We’re running InfluxDB 1.7.7 and ever since migrating from 1.3.x to 1.7.x, and moving to TSM and TSI, we’ve started seeing problems during TSM compactions.
Whenever a TSM compaction occurs, InfluxDB sometimes becomes momentarily unavailabe, leading to a dip and then a peak in writes to to database:
As you can see compactions are run every half an hour, but they sometimes are force to be run earlier by InfluxDB and sometimes they also don’t seem to have the dip-peak effect (see 07:30 in the graph).
Our system has one very large measurement containing (building) sensoric data. Each value is tagged with a sensor ID. We log data for each sensor about every 5-10 seconds, for a few thousand sensors.
Could the single large measurement be the source of our problems?
Is there nobody else who is experiencing problems like this?
It currently isn’t affecting our system that much, because we have enough capacity to rewrite the failed points and process the backlog of points that accumulate due to these timeouts. But it’s not something I’m fully comfortable with. Not accepting writes during a (slow?) compaction is IMHO not a great way to handle this from InfluxDB.
Thanks! I’ve been testing out some stuff as well, I have found that adjusting the compact_throughput up I’ve only managed to crash the server (excessive memory usage). Although I was also playing around with the cache settings so that might also have factored in with the memory problems I created.
Another look at the config file made me think that maybe the actual culprit (for most of the dip/peaks) is the retention policy enforcer. The dip/peak cycles are exactly every 30 minutes, and the retention policy enforcer is set to run every 30 minutes. This can’t explain all of the dips and peaks - not all of them occur exactly every 30 minutes - but it can explain most of them.
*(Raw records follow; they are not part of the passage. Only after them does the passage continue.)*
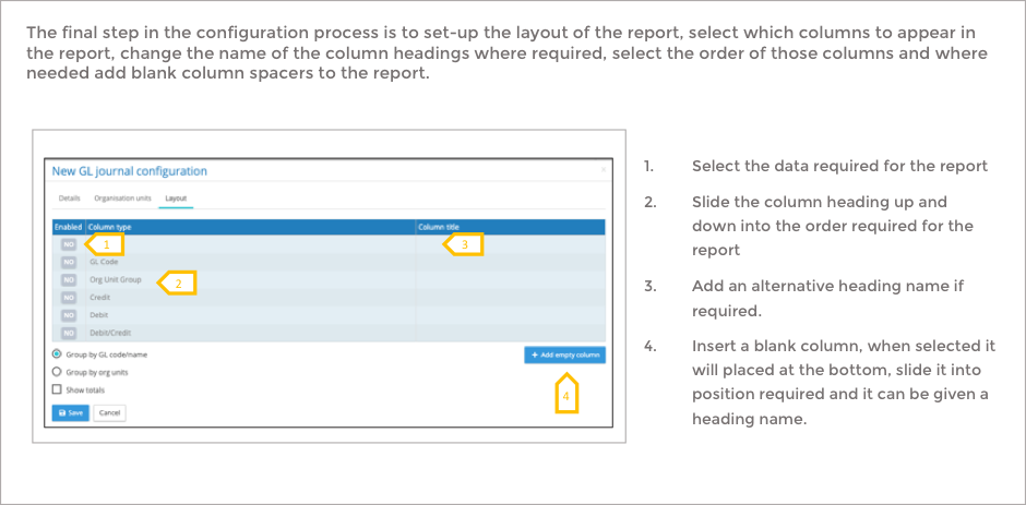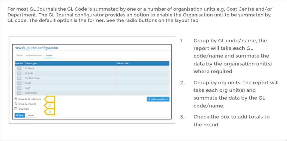 The following is an extract from the user guidance material on GL Journal Reporting.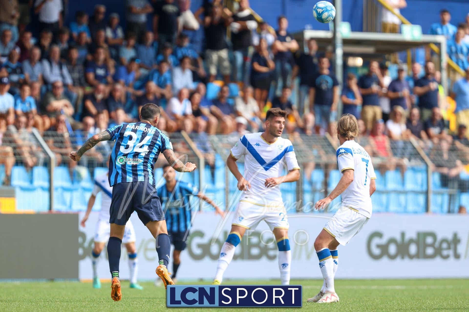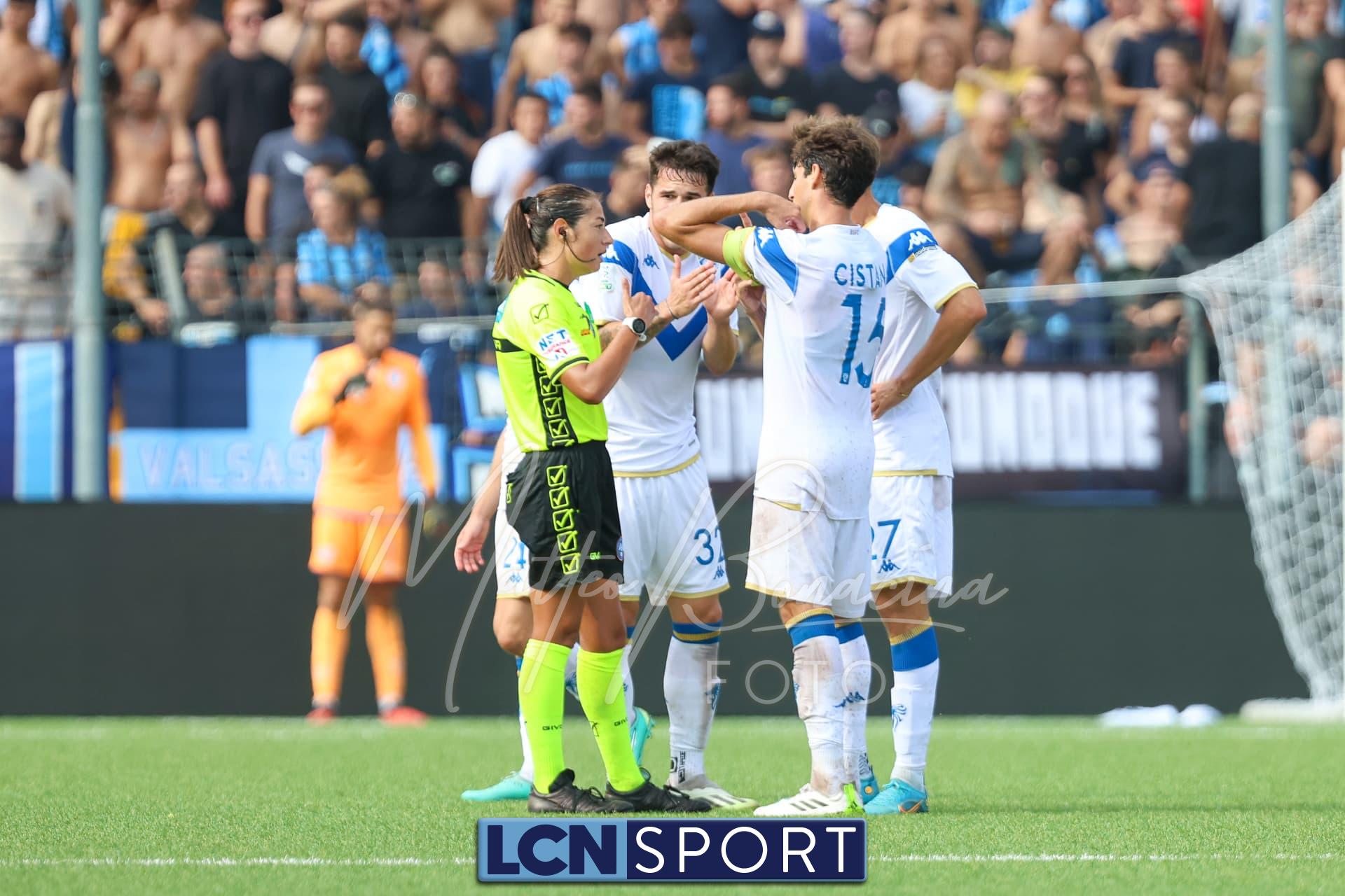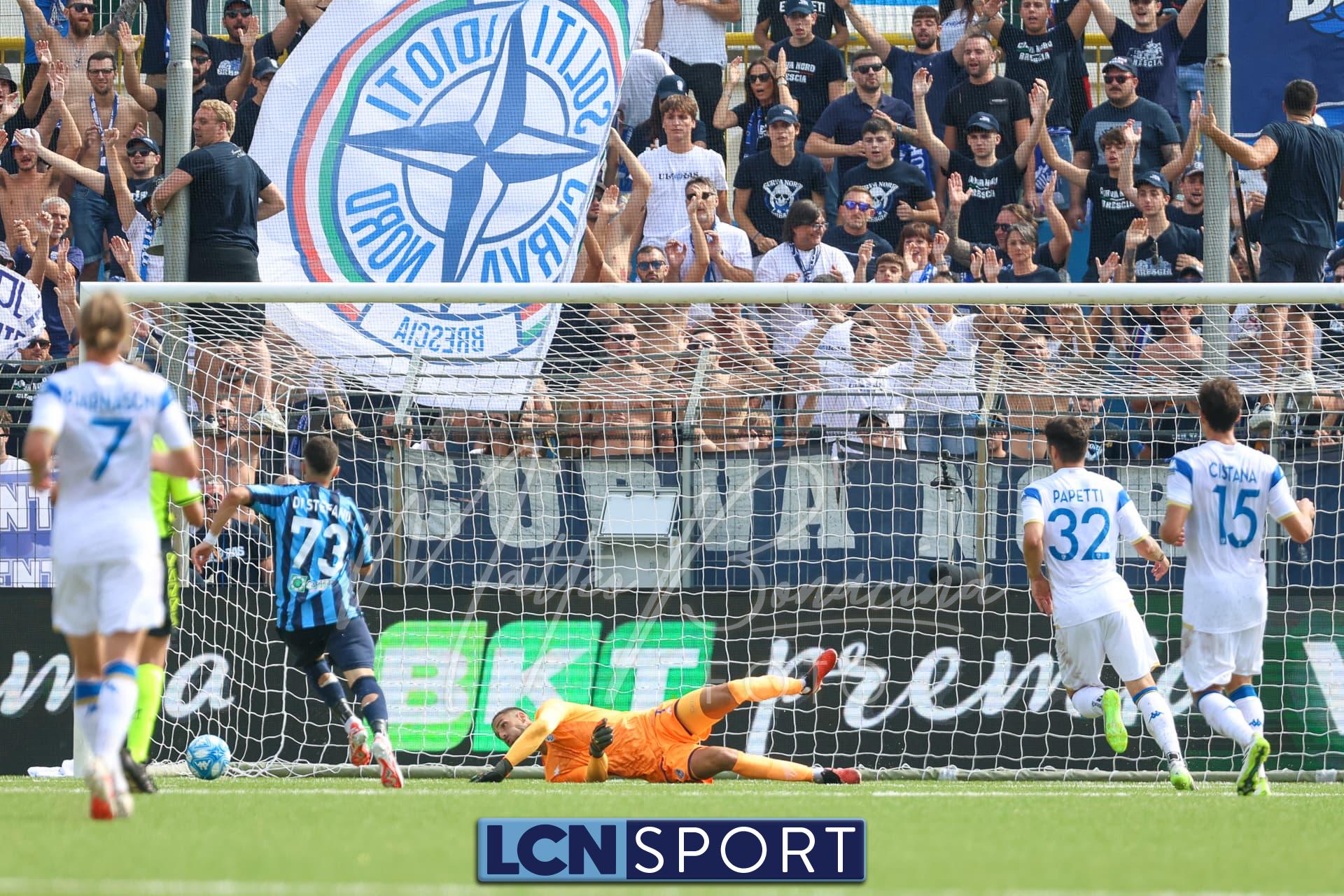 Al 14′ Di Stefano ubriaca la difesa bresciana a sinistra: dribbling secco per saltarne uno, quindi “brucia” anche Dickmann che lo stende. Ferrieri Caputi indica il dischetto (confermato dal Var): Novakovich la spara potente e precisa sul palo e la palla esce. Sfortuna nera per i blucelesti.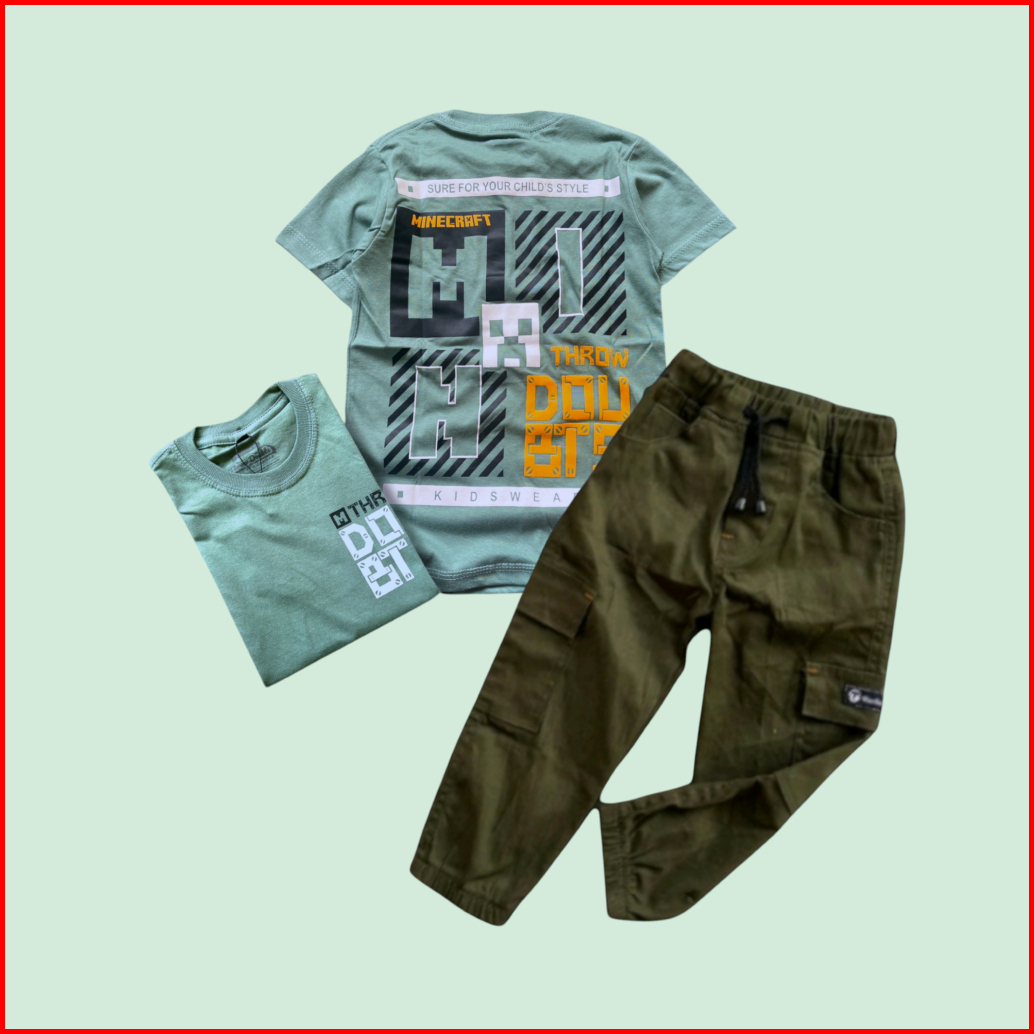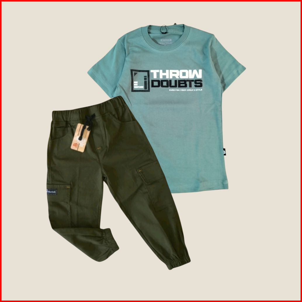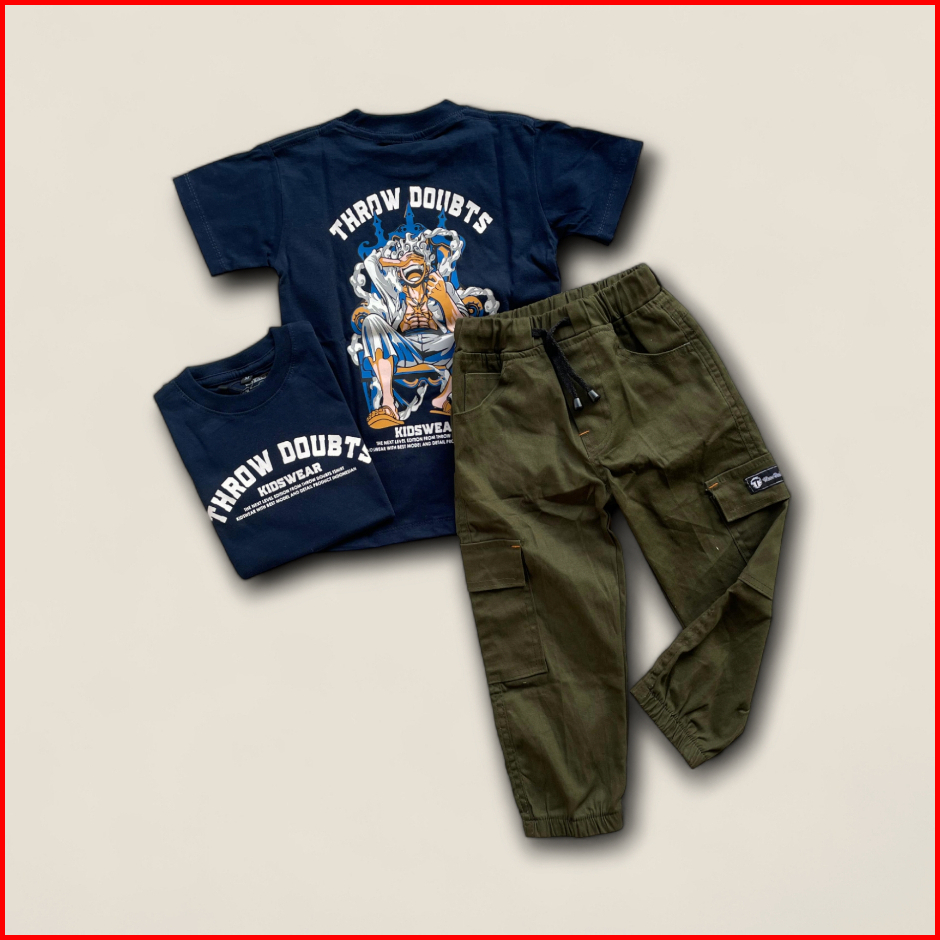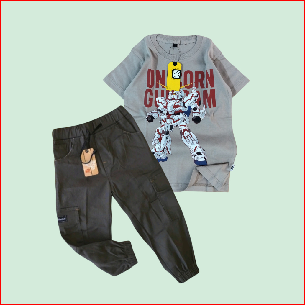 Setelan Cargo Panjang Dan Baju Kaos Anak Laki-laki Setelan Anak Kekinian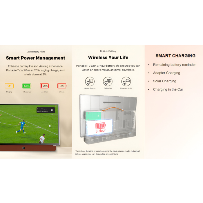Connectivity is a breeze with HDMI and USB ports, and the 2x8W speakers provide powerful sound. This versatile and feature-packed portable TV is perfect for travel, outdoor activities, or simply enjoying your favorite shows and movies anywhere you go. Elevate your entertainment experience with this all-in-one solution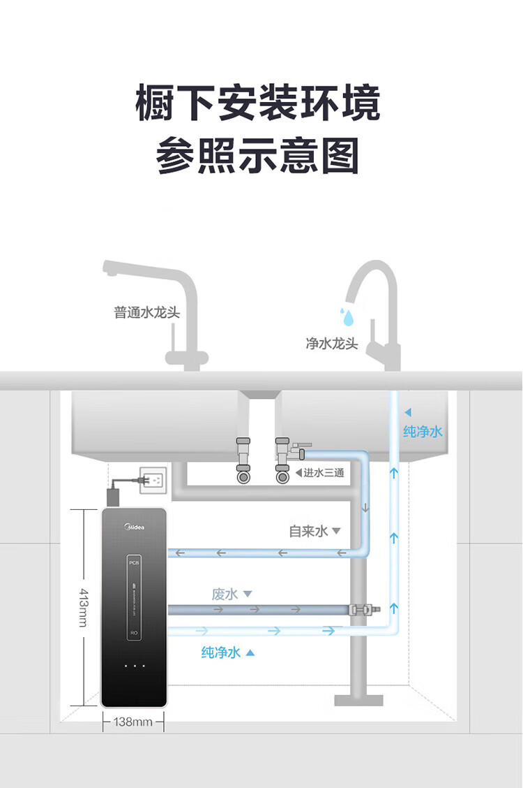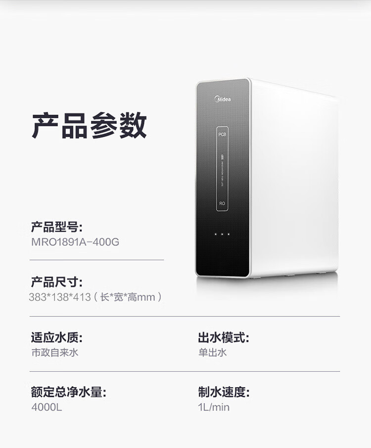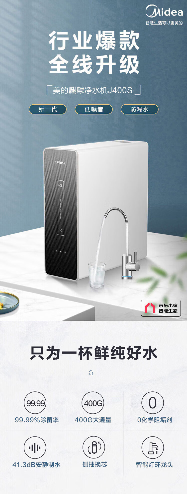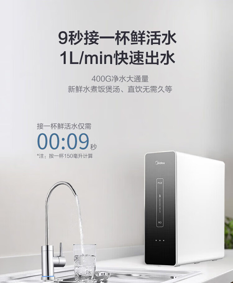 美的(Midea)直饮加热净水器套装【麒麟J400S+管线机908A】厨下RO反渗透 家用壁挂式即热一体净饮机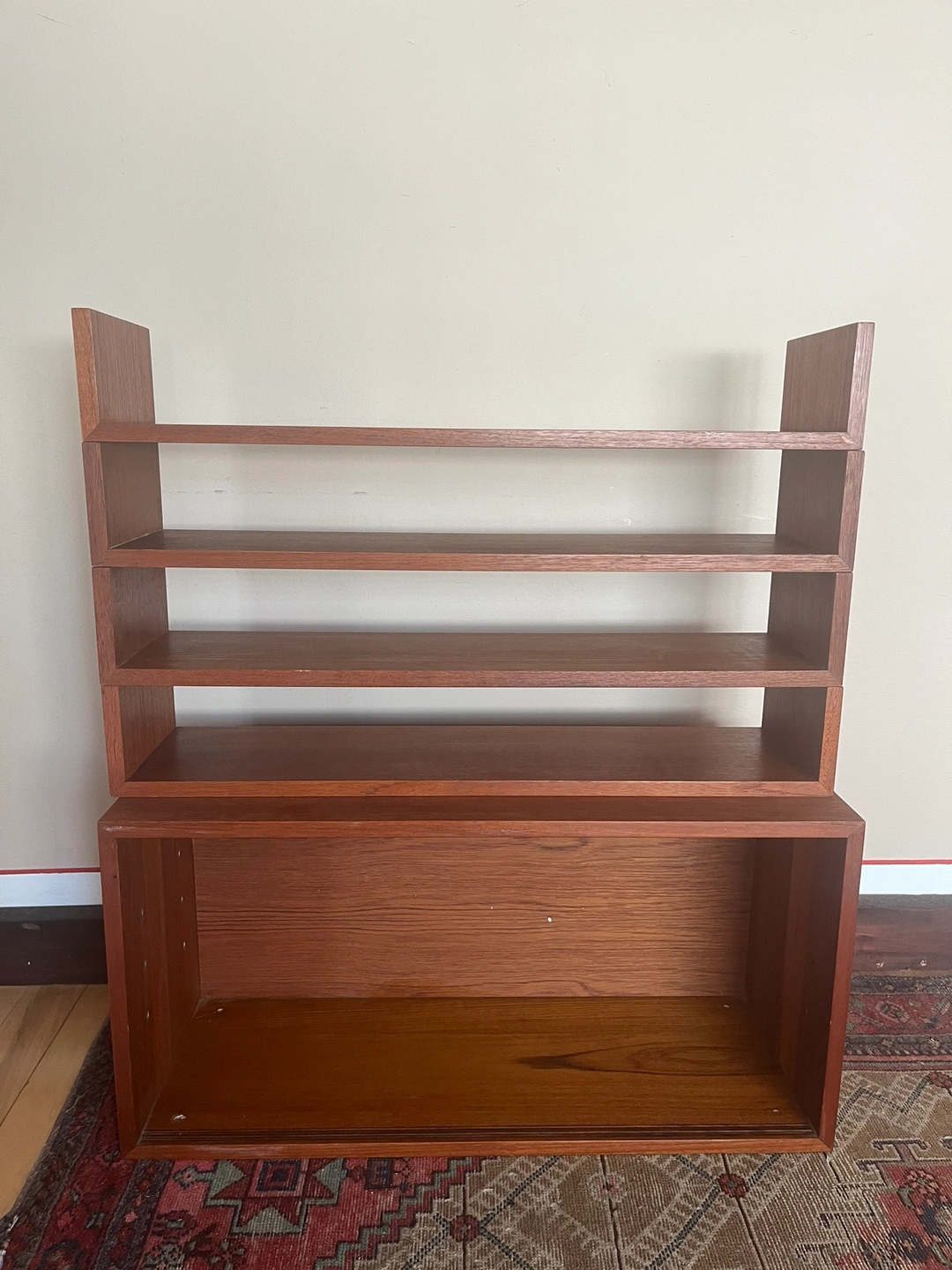 Features 4 shelves and 1 cabinet. The cabinet had glass shelving and glass doors originally. However it is missing both. It also has 4 holes where legs were drilled into by previous owners. Vintage wear overall. The cabinet top was refinished. All pieces have been oiled. Some chips and nicks in the shelving.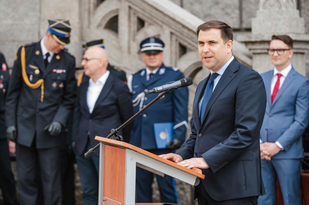JAWOR. Z udziałem Komendanta Komendy Powiatowej Państwowej Straży Pożarnej w Jaworze kpt. Mirosława Walaszczykai oraz Prezesa Oddziału Powiatowego ZOSP RP w Jaworze dh Jan Grygorcewicza, b. marszałek Sejmu Elżbiety WITEK, sekretarza stanu w Ministerstwie Aktywów Państwowych Roberta KROPIWNICKIEGO, władz miejskich z burmistrzem Emilianem BERA, władz Powiatu Jaworskiego ze starostą Powiat Michałem BANDEREM, przewodniczącym RP Mariuszem BARAŃSKIM, samorządowcami Powiatu Jaworskiego z wójt gminy Wądroże Wielkie Elżbietą JEDLECKĄ na czele, odbyły się w sercu Jawora obchody Dnia Strażaka.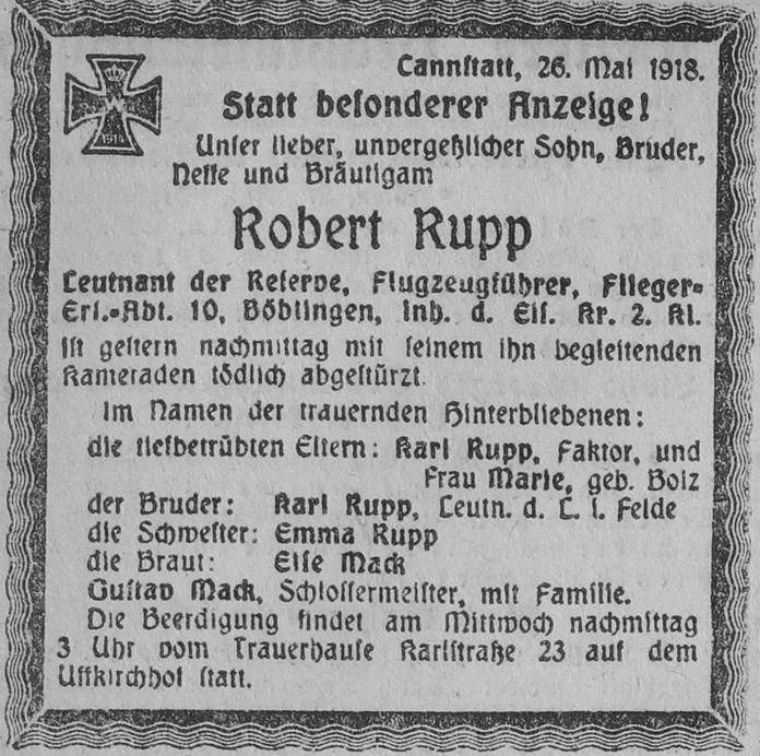 1918-05-15 Flg. Friedrich Hutzenlaub *02.07.1892 in Cannstatt (Württ), ist in Böblingen abgestürzt, starb am nächsten Tag und wurde auf dem Alten Fellbacher Friedhof beigesetzt.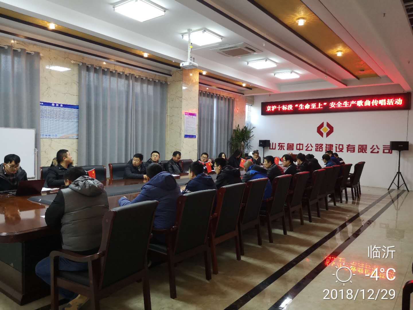 根據(jù)省政府安委會(huì)辦公室《關(guān)于傳唱“生命至上”安全生產(chǎn)主題歌曲的通知》要求,為貫徹落實(shí)黨的十九大精神和習(xí)近平總書記關(guān)于安全生產(chǎn)工作重要指示批示精神,我項(xiàng)目部高度重視,安全部積極組織項(xiàng)目部全體員工于2018年12月29日開展“生命至上”安全生產(chǎn)主題歌曲傳唱活動(dòng)。

Whenever the retention policy enforcer runs I get these logging:
Doesn’t seem to run excessively long or do any weird things, but the times that are logged by InfluxDB line up exactly with the dip/peaks I see in my write throughput.
While I was typing this InfluxDB seems to have done a few dip/peak cycles that weren’t exactly on the 30m mark, but I do see the following log at the exact time of one of the dip/peaks:
So maybe it’s the retention policy enforcer combined with the TSM cache snapshotter? Note that not every non-30m dip/peak has a cache logging associated with it, and cache logs also appear without the dip/peak in my write throughput.
What’s weird to me is that if that’s true, why would InfluxDB just stop accepting writes when it is doing some IO to disk?